- **Extracted records**
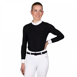 Koszulka damska konkursowa Juliet AW 24/25 - QHPWykonana z eleganckiego materiału z brokatowymi drobinkami. Elastyczna tkanina zapewnia wysoki komfort noszenia. Stójka oraz mankiety w kolorze białym. Pod szyją zapinana na zamek błyskawiczny. Można prać w pralce w temperaturze 30 stopni.
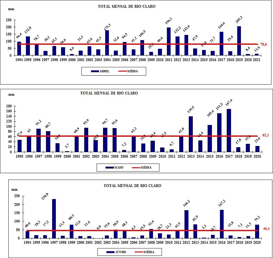 A última chuva ocorreu em 13 de maio com 7,5 milímetros de volume, sendo, até então, o acumulado para o mês. A média esperada para maio é de 62,1mm. Desde 2018, segundo medições da Estação Ceapla Unesp/Prefeitura de Rio Claro, o volume tem ficado abaixo do esperado.
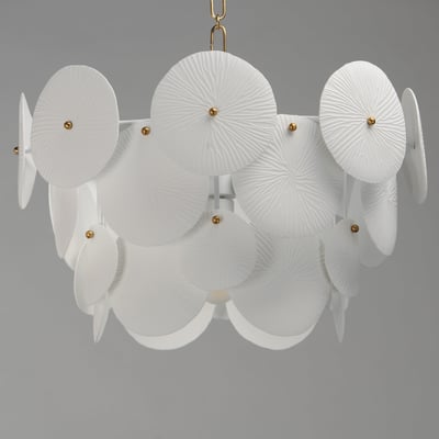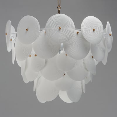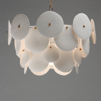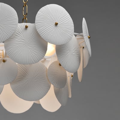 The Isla Chandelier showcases a captivating blend of modern design and coastal inspiration. With its suspended tiers of textured ceramic panels, this piece diffuses light beautifully, creating an inviting ambiance in any room.
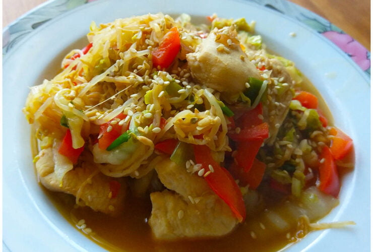 ZUTATEN: 2 Hühnerbrüste 1 kleine rote Paprika, 1/2 Chinakohl, 2 Karotten, 3-4 Frühlingszwiebel, 1 Zwiebel, 1-2 Knoblauchzehen, ( optional Sojasprossen), Sojasoße, Sesamöl, Etwas gemahlenen Ingwer, Salz, Chili oder Chinagewürz, ZUBEREITUNG: Ich habe zum Schluss noch ein wenig Austernsoße dazu gegeben, ...
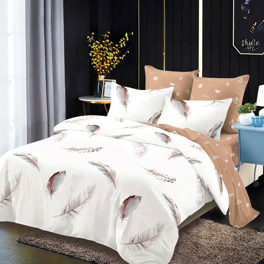 Lenjerie Pat Dublu, FINET, 6 piese, Crem, Bej, Pene, Super Design Pucioasa, cod produs: SDP-FNC-796
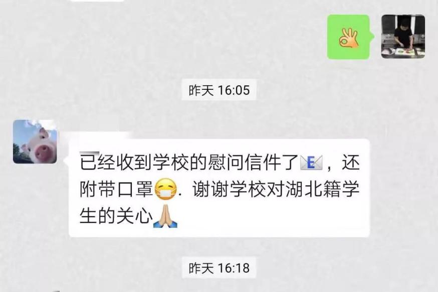 学院也时刻牵挂着疫区的学生们,第一时间联系湖北籍学子,关心他们的健康和困难,组建湖北学子微信、QQ群,每日了解他们及他们家人的身体状况,嘘寒问暖,无微不至!
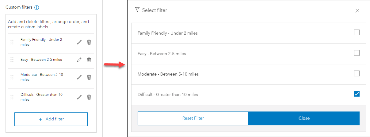 New with this release is the ability to filter results using attributes. For the campground example, after finding which campgrounds are closest by, use attribute filtering to further filter the results to show only campgrounds that are open in May and have running water. The information for the dates of operation and water availability would come from the data layers in the map, and creating the filters would take place in the app configuration on the Interactivity > Filter tab.

- **Problem to work on**
Starting at the line with "ZUTATEN: 2 Hühnerbrüste" and finishing at the line with "Lenjerie Pat Dublu, FINET, 6", copy the material above exactly, both lines included. Nothing else goes in, and no pictures.

- **Answer section**
 ZUTATEN: 2 Hühnerbrüste 1 kleine rote Paprika, 1/2 Chinakohl, 2 Karotten, 3-4 Frühlingszwiebel, 1 Zwiebel, 1-2 Knoblauchzehen, ( optional Sojasprossen), Sojasoße, Sesamöl, Etwas gemahlenen Ingwer, Salz, Chili oder Chinagewürz, ZUBEREITUNG: Ich habe zum Schluss noch ein wenig Austernsoße dazu gegeben, ...
 Lenjerie Pat Dublu, FINET, 6 piese, Crem, Bej, Pene, Super Design Pucioasa, cod produs: SDP-FNC-796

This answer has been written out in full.